Only then did Lady Giulietta return to the corridor, her determination to play fair and let them hear her coming strengthening as she reach the first door. Behind it, Marco sounded agitated. So agitated that she pushed her way in. Her cousin was hopping from foot to foot in excitement. “A r-rat,” he said. “I know a r-rat when I s-smell one.” Dragging free his dagger, he ran at the tapestry and stabbed viciously for the unicorn’s eye, driving his blade home.

“F-for the p-pot. A r-rat for the p-pot.”

Ripping his dagger free, he stepped back and something slumped forward as blood began to stain the canvas and the tapestry prevented that something from falling. Anguished gurgling came from behind the cloth.

Marco grinned at Giulietta. “Just in t-time.”

She looked from the blood on his stiletto to the lumpy tapestry and the shuddering shape behind. “Your highness . . .”

“C-c-congratulate m-me, t-then.”

“Well done,” Frederick said. He took the dagger gently from Marco’s fingers and led him away from the tapestry, through the door Giulietta had just used to enter and out to the landing beyond.
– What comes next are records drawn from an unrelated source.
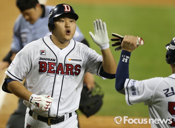(서울=포커스뉴스) 20일 서울 잠실구장에서 열린 2016 프로야구 삼성-두산 경기 7회말 2사 1루에서 두산 대타 오재일이 우월 홈런을 치고 선행주자 김재호의 환영을 받으며 홈인하고 있다.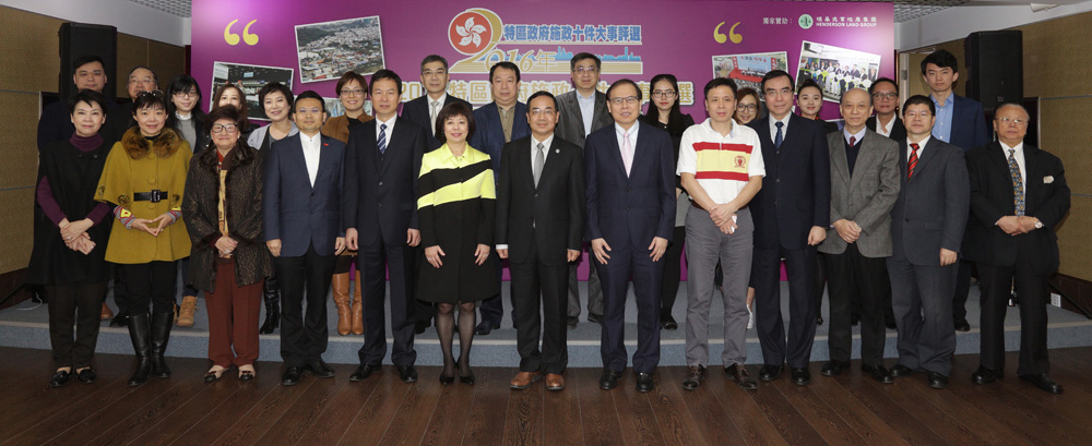 特区政府施政十件大事评选于1998年由香港文汇报与九龙总商会联合发起举办,至今已是第19届。今届共有24家传媒机构主办、65个团体协办、100多间学校参与。昨日,莅临主礼的中联办宣传文体部副部长李海堂,与多名主办及协办机构代表一同见证结果出炉,并进行抽奖仪式。
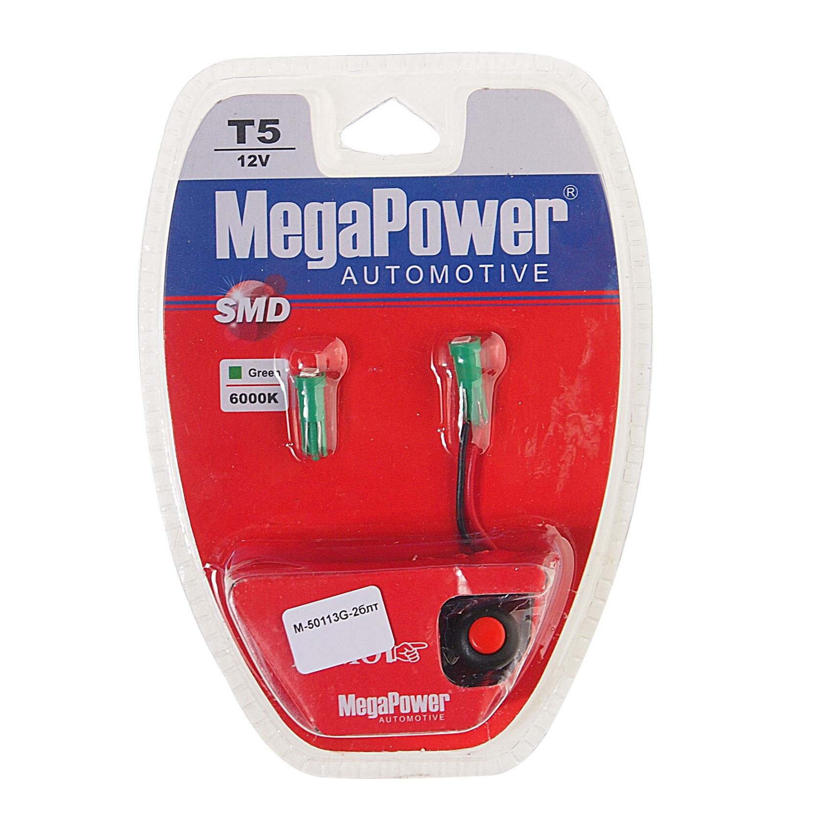Отзывы на Автолампа T5 (W2х4.6d) 1 SMD 3528 GREEN блистер с тестером (2шт) 8лм 12V MEGAPOWER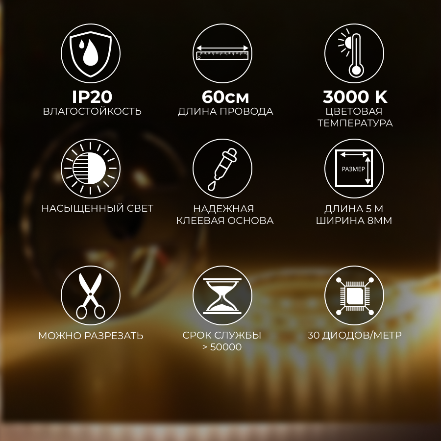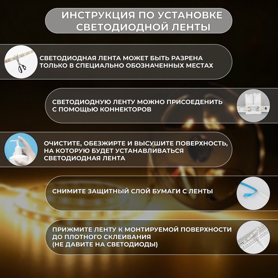 | Особенности | возможность подключения диммера / режим ночника / самоклеящаяся основа |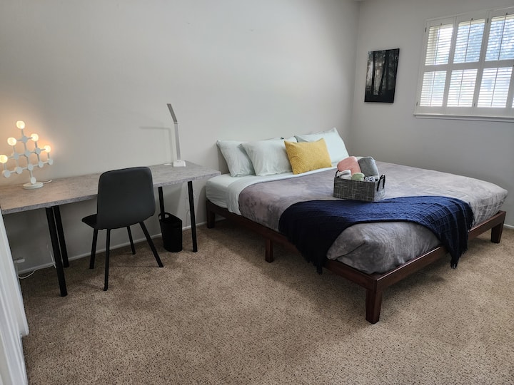 Dormitorio privado con cama tamaño king. Compartirás dos baños con hasta otros 3 ocupantes de dormitorios, generalmente solo hay una persona en cada dormitorio. Tienes el mismo acceso compartido a la cocina, sala de estar, lavandería y exquisito patio trasero.
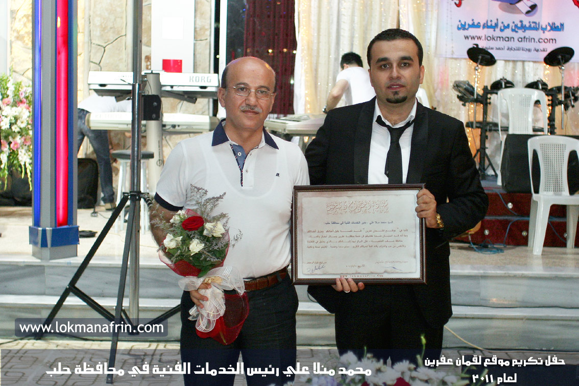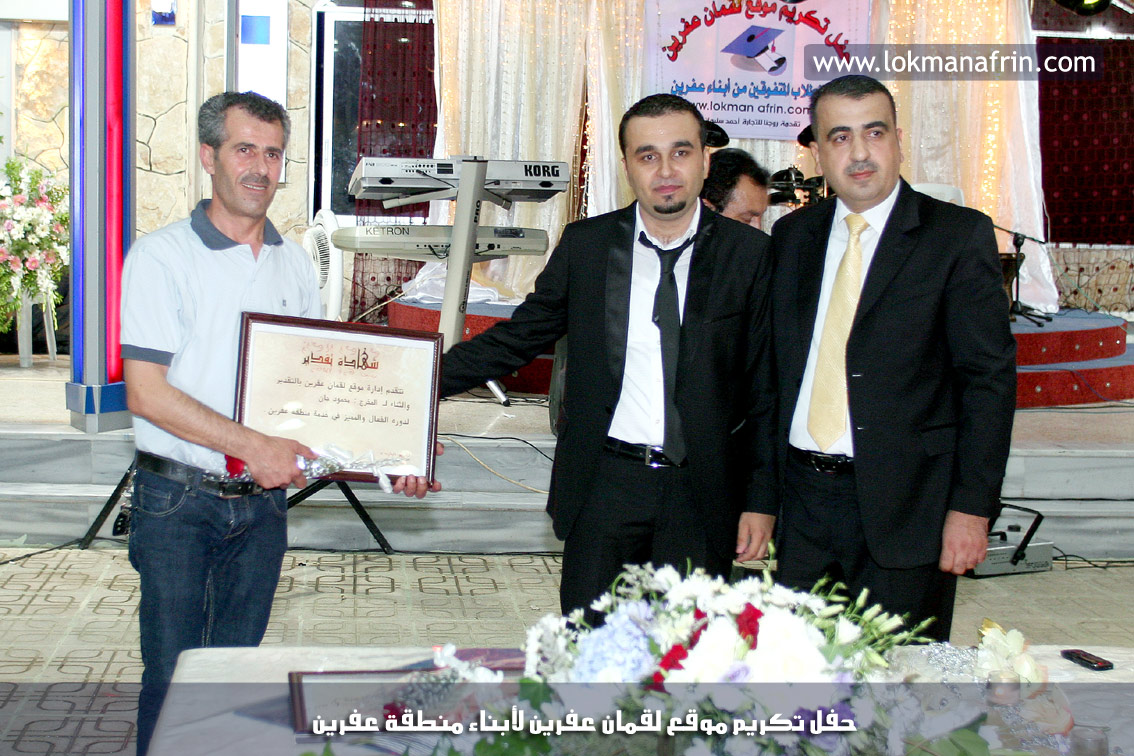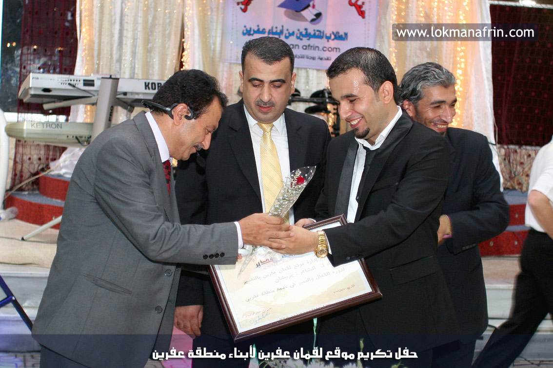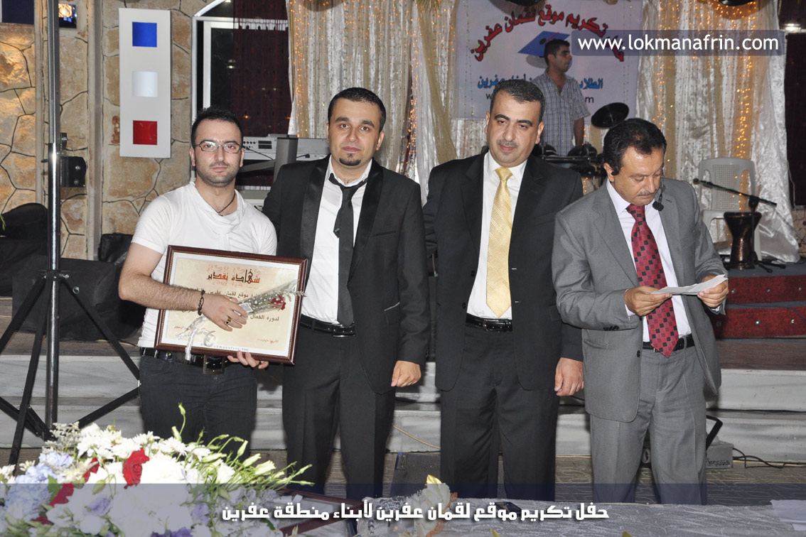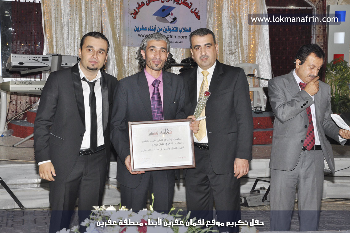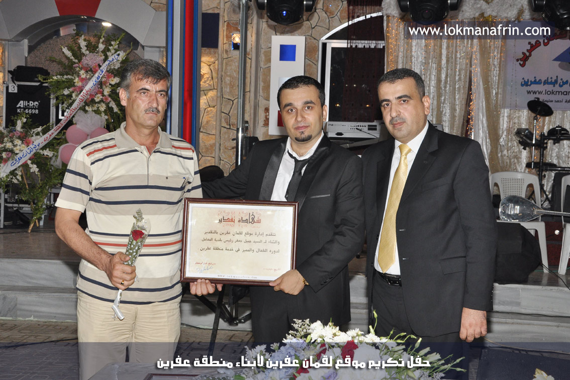 في أمسية الخامس من شهر آب 2011م ، شهدت صالة " جين عفرين للأفراح " تهافتاً جماهيرياً كبيراً فقد امتلأت الصالة بلفيف من أبناء عفرين ونواحيها وقراها ، فالحدث جللٌ ، في هذا اليوم أقامت إدارة " موقع لقمان عفرين " حفلاً تكريمياً للطلبة الأوائل من المتفوقين والمتفوقات في الثانوية العامة . بدأ الحفل في التاسعة مساءً حيث قام مقدما الحفل " بريشان " و" هيفان شيخو " بالحديث عن مناقب العلم والمعرفة ومن ثم تطرقا إلى لمحة موجزة عن " موقع لقمان عفرين " ، تلا ذلك كلمة ألقاها مدير الموقع المهندس : لقمان شمو كالو تحدث فيها عن دور العلم في تقدم المجتمعات ، شكر فيها المتفوقين على إبداعاتهم وشكر أهاليهم الذين سهروا الليالي في تأمين أجواء من الاستقرار لهم . تمنى مدير الموقع النجاح للحفل الذي يقيمه ووعد الحضور بمزيد من العطاء لسنوات قادمة .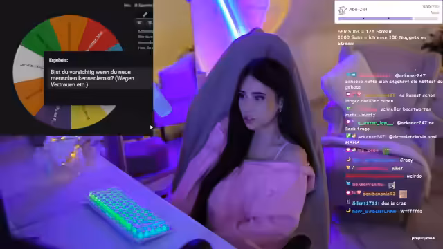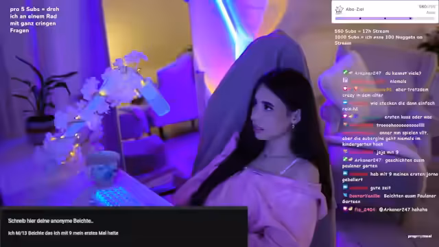 00:19:30In sehr persönlichen Antworten erzählt die Streamerin von ihrer Erfahrung mit Dating-Apps. Sie beschreibt einen Vorfall vor rund zweieinhalb Jahren, bei dem sie mit ihren Freundinnen Tinder ausprobierte und den Kontakt zu einem jungen Mann aufnahm, der aber zu jung für sie war. Sie berichtet auch traumatische Erlebnisse mit einem Stalker, der gefälschte Chatverläufe erstellte und sie in ihrem Umfeld diskreditierte. Dieses Erlebnis hat sie so verunsichert, dass sie sehr misstrauisch gegenüber neuen Kontakten geworden ist und Angst vor Screenshots hat.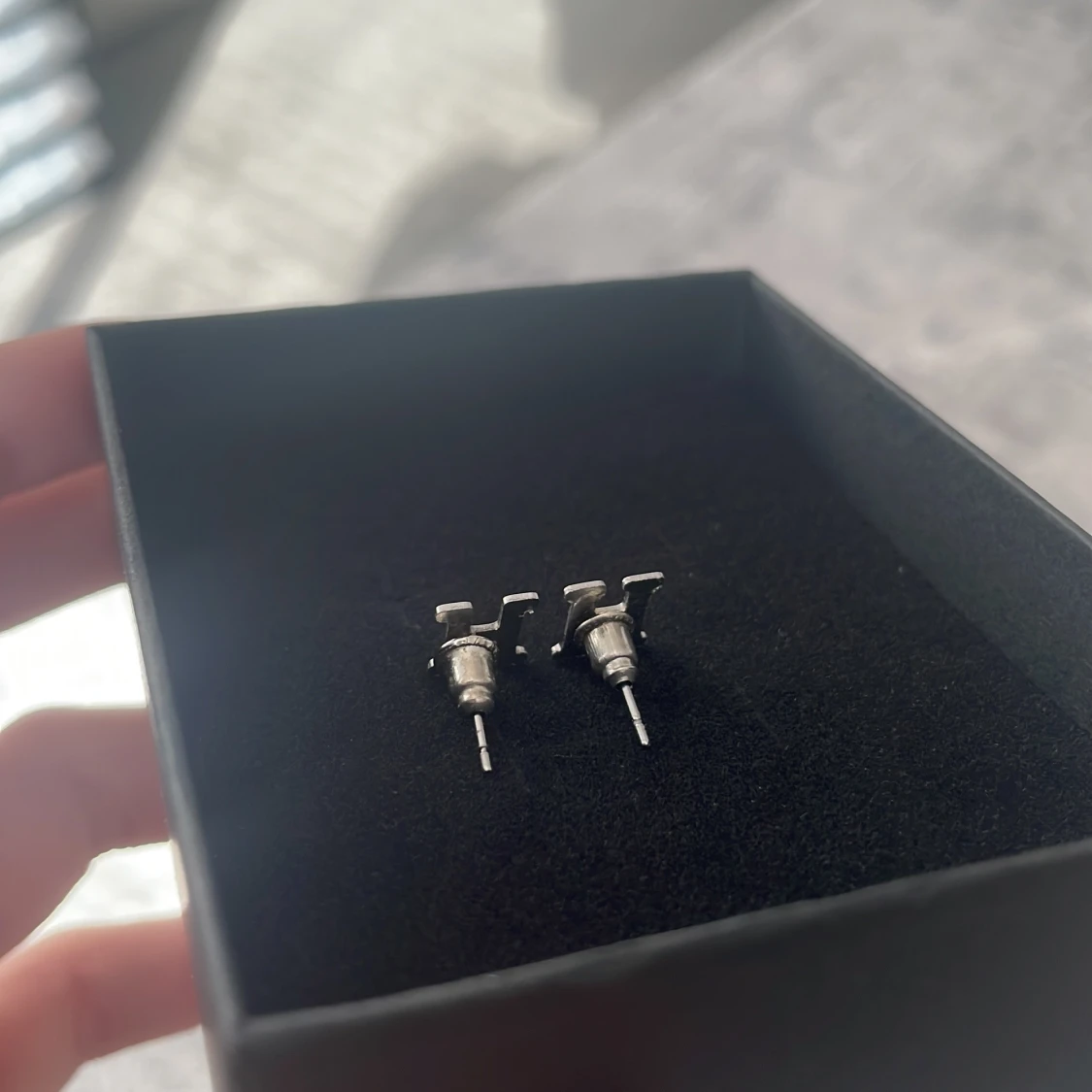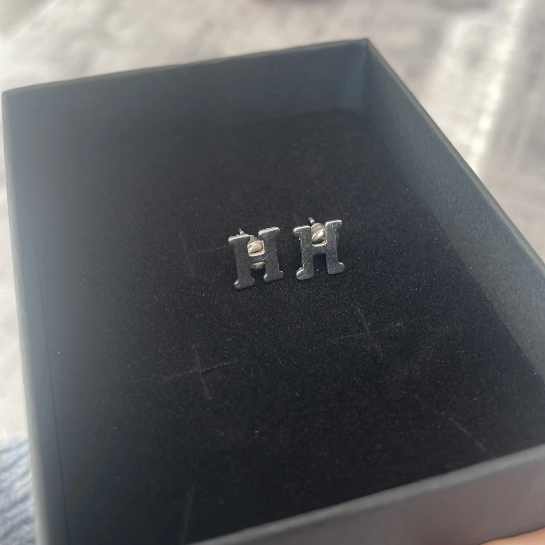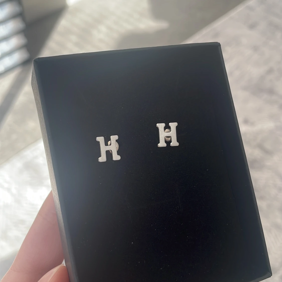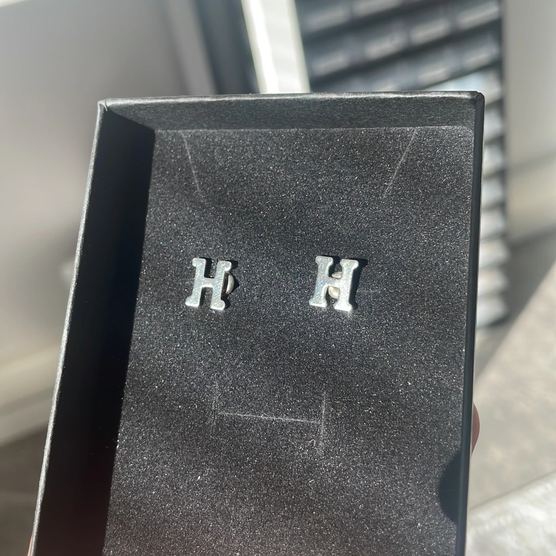 Säljer ett par stilrena örhängen i form av bokstaven H. De är i rostfritt stål och har en enkel, klassisk design. Kommer med smidig stiftbaksida.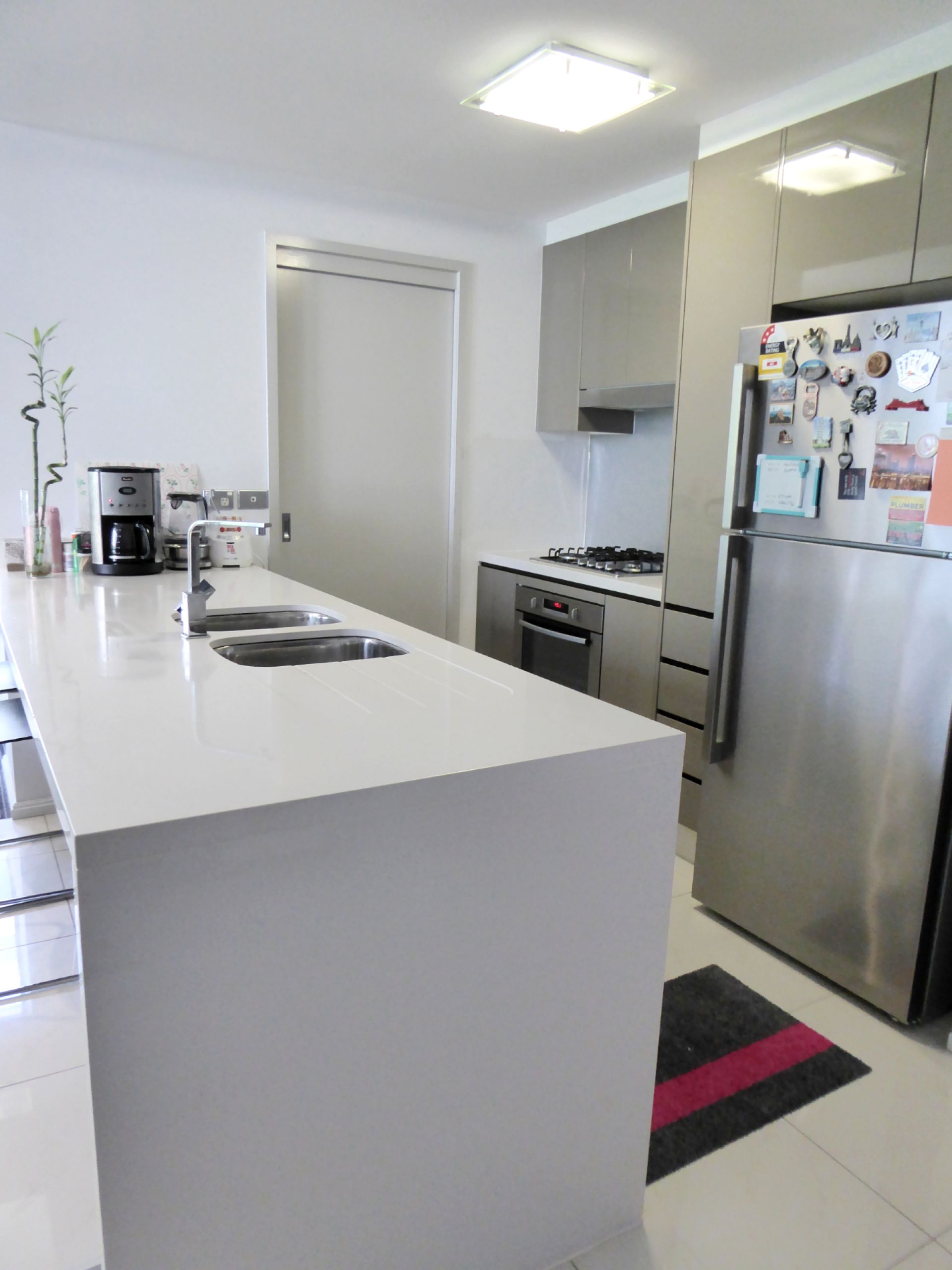 - Open plan kitchen with Caesar stone benches and stainless steel appliances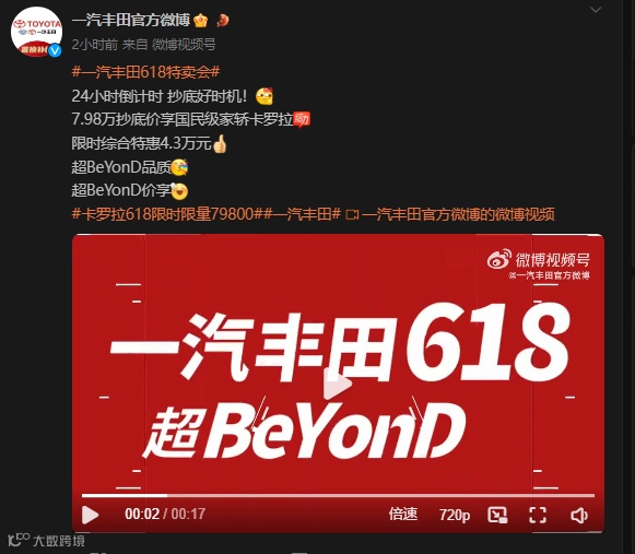 6月18日,一汽丰田官方微博发布消息,即日举行24小时限时特卖会。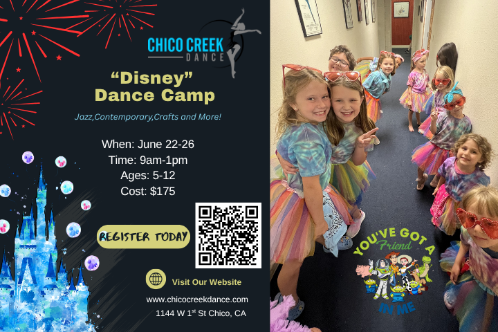 Disney Dance Camp Monday, June 22, 2026 9:00 AM Friday, June 26, 2026 1:00 AM Chico Center for the Arts 1144 West 1st Street Chico, CA, 95928 United States (map) Google Calendar ICS Purchase Tickets

She heard him talking to a guard, and the guard reply as if Frederick had a right to be giving him orders.

“He’s going to rest,” Frederick said on his return.

“We should . . .” Of course they should. From the moment Marco stabbed the tapestry it was obvious they’d have to see who he’d killed. She just knew she wasn’t going to like the answer.

“Bribanzo,” said Frederick, letting the body slump at his feet. The old man lay in a puddle of blood, his fat face smoothed into blandness by death. All of the avarice and scheming now gone. “Giulietta, may I get my men?”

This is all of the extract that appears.